Pricing and design funding affordable housing

In 2022, the CMHC came up with the Mortgage Loan Insurance Select program, MLI Select, the first financing product to include pricing components for the environment, social and governance impacts of a multi-family real-estate asset. The goal of MLI Select was to encourage affordability and climate compatibility. While innovative, from an actuarial perspective its design could have better supported its goals.

Actuaries are skilled at designing, pricing and evaluating complex financial products, where small details can materially affect outcomes, including claims, capital or financial sustainability. Granularity would be applied when needed; aggregation where most of the details have no material impact on the results.

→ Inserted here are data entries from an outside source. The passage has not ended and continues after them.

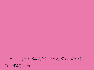 CIELCh 65.347,50.382,352.465 Color is a light rose color and the nearest color is Carissma #ea88a8. Hex code #ec79ac and RGB value is rgb(236,121,172). In RGB color space, this color is composed of 93% red, 47% green, 67% blue, In CMYK color space, this color is composed of 0% cyan, 49% magenta, 27% yellow , 7% black , In HSL color space, this color has a hue angle of 333° , 75% saturation and 70% lightness.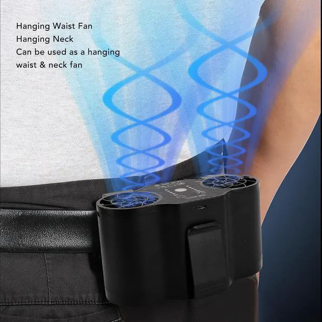 Spec: Item Type: Portable Waist Fan Material: ABS, Metal Battery Type: Lithium Battery (Built in Battery)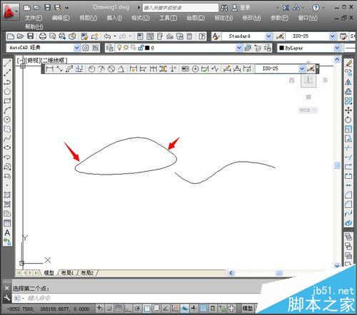 1、如图,想在两条曲线之间创建光滑的过渡连接,让两条曲线相连。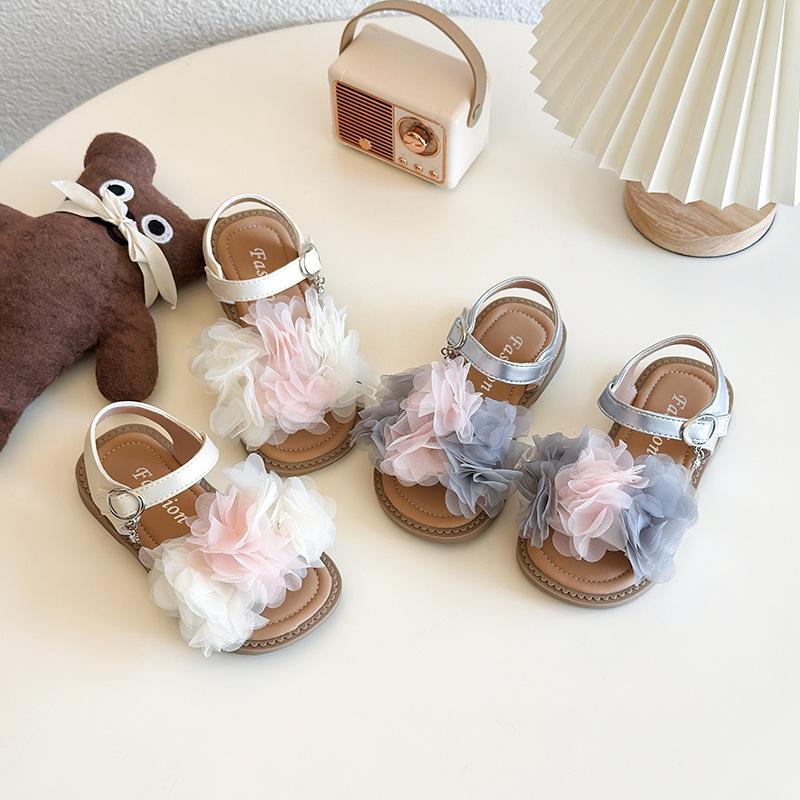 Босоножки для девочек Нескользящая мягкая подошва Детские туфли принцессы Кружево Цветы Смешанный цвет 2025 Лето Новые Детские пляжные туфли Модные Милые

There are untapped opportunities for actuaries to design and price innovative solutions to address the housing crisis. For example, housing-affordability bonds could be issued by governments and cities, which would replace some of the equity used in land development and construction. The expected return on equity on new housing construction can be as high as 15%, depending on the type of project (considering materials, parking amenities, etc.), and a portion of the resulting profit could be reinvested through targeted housing subsidies (such as affordability coupons) delivered via well-managed public or non-profit programs. These subsidies would help low- and moderate-income households access affordable housing while recycling private-sector returns back into social outcomes.

Given the CMHC’s foundational role in Canada’s housing infrastructure and its insurance-related work, there’s strong potential for greater collaboration with actuaries in areas like pricing, product development and risk analytics. Actuaries presently contribute in these areas at the CMHC; expanded involvement from the profession could further enhance this work.

“A unique opportunity is emerging in Canada’s housing ecosystem for actuaries to do what they do best: price and evaluate risk, and design sustainable financial systems. It’s time for actuaries to step in: the housing crisis is now, and stakeholders need the profession’s help.”

Philippe Foisy, FCIA, FSA.

Philippe Foisy, FCIA, FSA, is President and Founder of Beatimo, a Quebec‑based real estate investment, development, and consulting firm that supports investors in managing portfolio performance and risk. An actuary with over 10 years of experience in insurance and investment products, Philippe brings actuarial rigor to real estate decision‑making, with a long‑term vision for improving housing systems, sustainability, and affordability across Canada.

This article reflects the opinion of the author and does not represent an official statement of the CIA.